You might know that I have a pregnancy loss in my past–a loss, but thankfully a very early, very simple miscarriage, where I only had a few weeks of knowing I was pregnant before I was no longer, just a handful of days to bond with that very wanted child before she was gone. It still affected me deeply, and can bring me to tears nearly 20 years later, though.
It’s every pregnant mama’s worst nightmare and largest fear, though, to make it all the way through the pregnancy, and be faced with a stillbirth–9 months of buildup and anticipation and possibly hours of labor, only to have to say “hello” and “goodbye” in the same breath. Most families in this moment are struck numb and immobile by the sudden unexpected turn of events, having never wanted to consider or plan for such an end. Thankfully, many L&D staff as well as private organizations (Now I Lay Me Down To Sleep) come in to fill the gap for these suddenly grieving parents, and coordinate the family’s brief time with their stillborn child to include pictures and memory markers that will help the parents in their grief once their baby is gone.
The challenge of time, in these situations, is that a stillborn baby’s body begins to go through many physiological changes, leaving the baby’s parents typically limited to only hours to acclimate to the loss, say hello (and goodbye), bring family in to introduce the baby, kiss and touch and rock, and compress a lifetime of caring into less than a day.
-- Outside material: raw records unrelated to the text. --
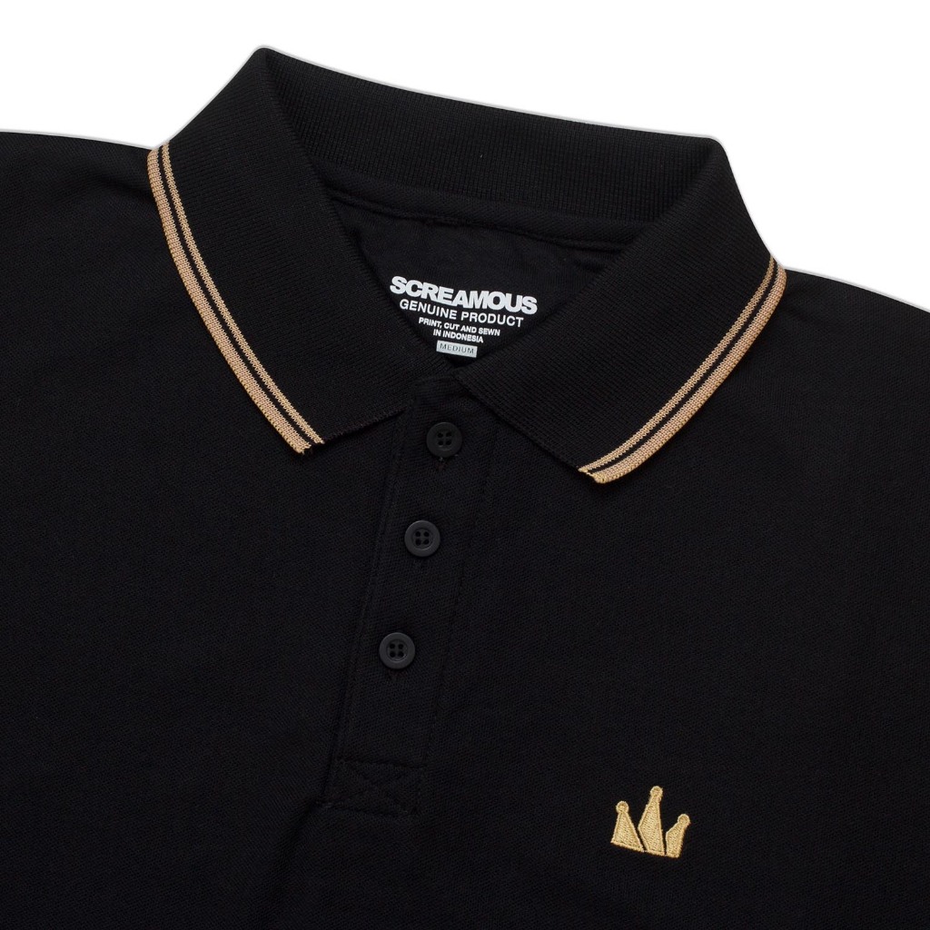 Beranda » Produk » Screamous Polo Shirt CROWN LINE GOLD BLACK
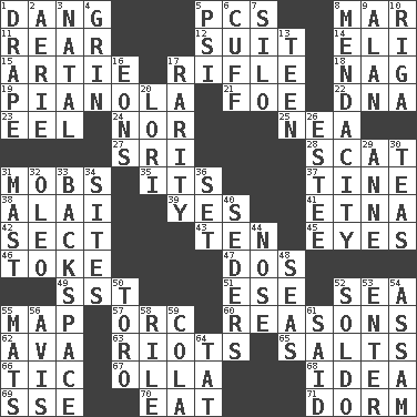 ACROSS 1. Mild oath, euphamism for damn 5. Personal Computers (abbr.) 8. Third mo. 11. Hitchcock's "____ Window" 12. Set or collection 14. Biblical high priest 15. Nick name for Arthur 17. Ransack; plunder; pillage 18. Tired old horse 19. Player piano 21. Enemy 22. Heredity factor (abbr.) 23. Snakelike fish 24. And not 25. Teachers' org. 27. Indian title of respect (Mr.) 28. Scram, to a cat 31. Disorderly crowds 35. ___ a Wonderful Life 37. Prong on a fork 38. Jai _ 39. It is so 41. Inactive volcano in Sicily 42. Religious group 43. "___ Little Indians" 45. Snake ____ (dice throw) 46. Casino tip 47. Two (Sp.) 49. Fast jet (abbr.) 51. Compass dir. 52. Ocean 55. Atlas unit 57. The grampus (Milton) 60. Thinks logically 62. Actress Gardner 63. Debaucheries 65. Table seasonings 66. Nervous spasm 67. Rounded earthenware pot or jar 68. The main thing one is thinking about 69. Compass dir. 70. Erode 71. Dormintory (informal) DOWN 1. Window treatment 2. Nest on high 3. Relating to or accompanying birth 4. Broad smile 5. 23rd letter of the Greek alphabet 6. _ links 7. Grain storage tower 8. Ananias' fault 9. Actor Alda or Thicke 10. Capital of Latvia 13. Adolescent 16. Immeasurably long periods of time 17. Noteworthy scarcity 20. Australian parrot (variant) 26. First name in cosmetics 29. Singer Murray 30. Afternoon social gatherings 31. Vertical spar for supporting sails 32. Margarine 33. Keyboard key 34. Locates 36. Put into a specified state 40. Spring feasts 44. Olfactory organ 48. Oceans 50. "Corrida" creature 52. Twentieth part of a lira 53. Keyboard key 54. Indian state 55. Floor coverings 56. Opinion 58. Cause heat under the collar 59. Root beer relative 61. Stated 64. Make lace
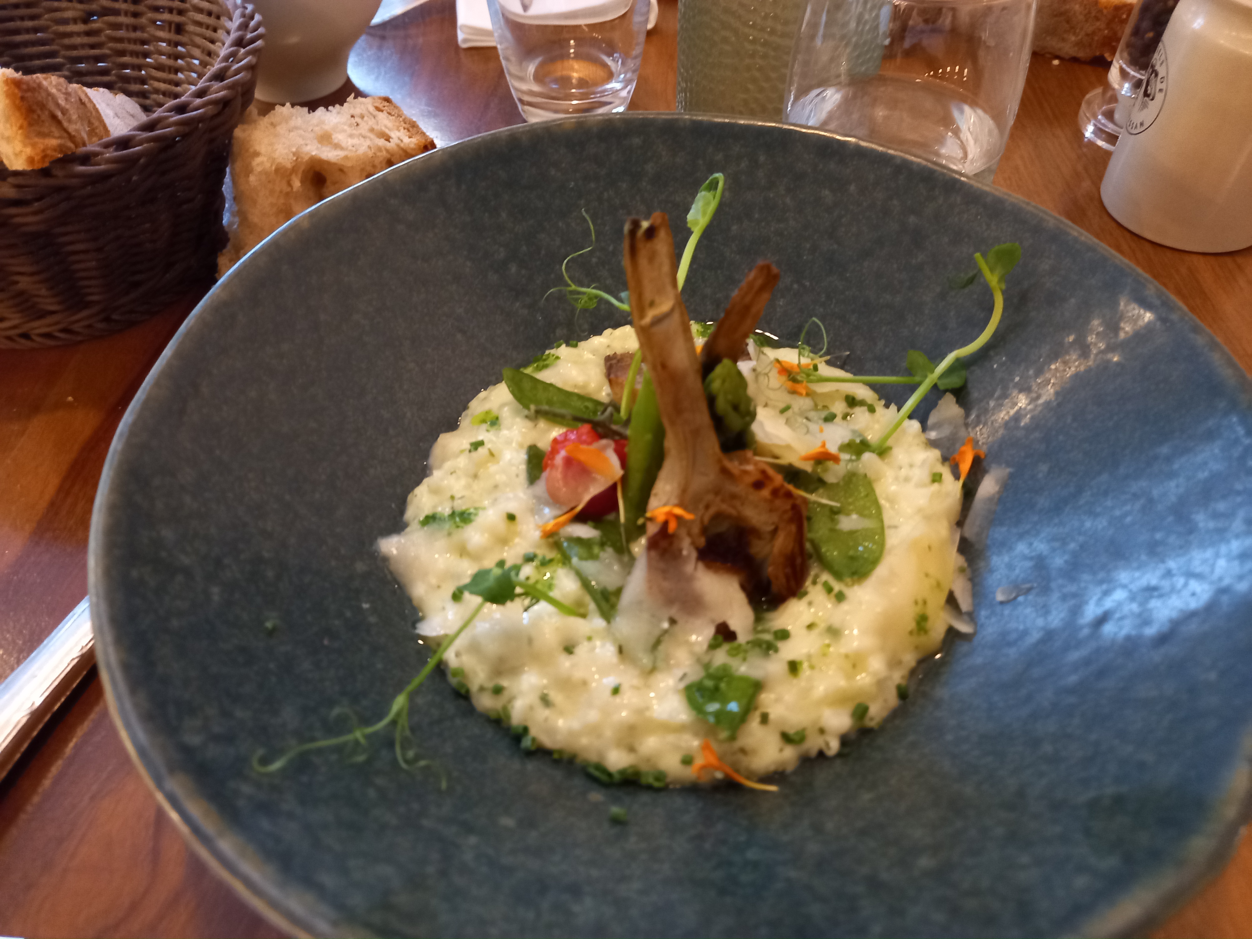 L'entrée foie gras à la pêche fut un véritable délice . Le risotto aux légumes était juste parfait (une symphonie en bouche). Le dessert 🍨était magnifique visuellement mais malheureusement je n'ai pas beaucoup apprécié car trop de menthe à mon coup. Coup du repas avec deux boissons 93 euros mais le cadre est splendide pour une soirée en amoureux.

I can’t imagine anything as heartbreaking, nor how anyone can possibly stay sane through something that swings so mercurially from joy to grief, and demands you limit yourself to a few hours for the entire process.
I’m so very encouraged by this product which is designed to gently and unobtrusively extend the time bereaved parents can spend with a stillborn baby–if there ever was grace in technology, surely this is it!
Cuddle Cot is a system designed to be hidden in a Moses basket which helps cool the stillborn’s body and retard the physiological changes which dictate the the window for the baby’s time with family.
Clearly this gift of time is something desperately desired by many bereaved new parents, and strikes a chord with families who have experienced loss. As evidenced by this article, and the Cuddle Cot Initiative Facebook page, many parents and previously bereaved parents are endowing hospitals around the country with Cuddle Cot technology in memory of their own stillborn and newborn losses.
I love that so many folks are there preparing the space for what could easily be a family’s worst day ever, making grief work a community gift.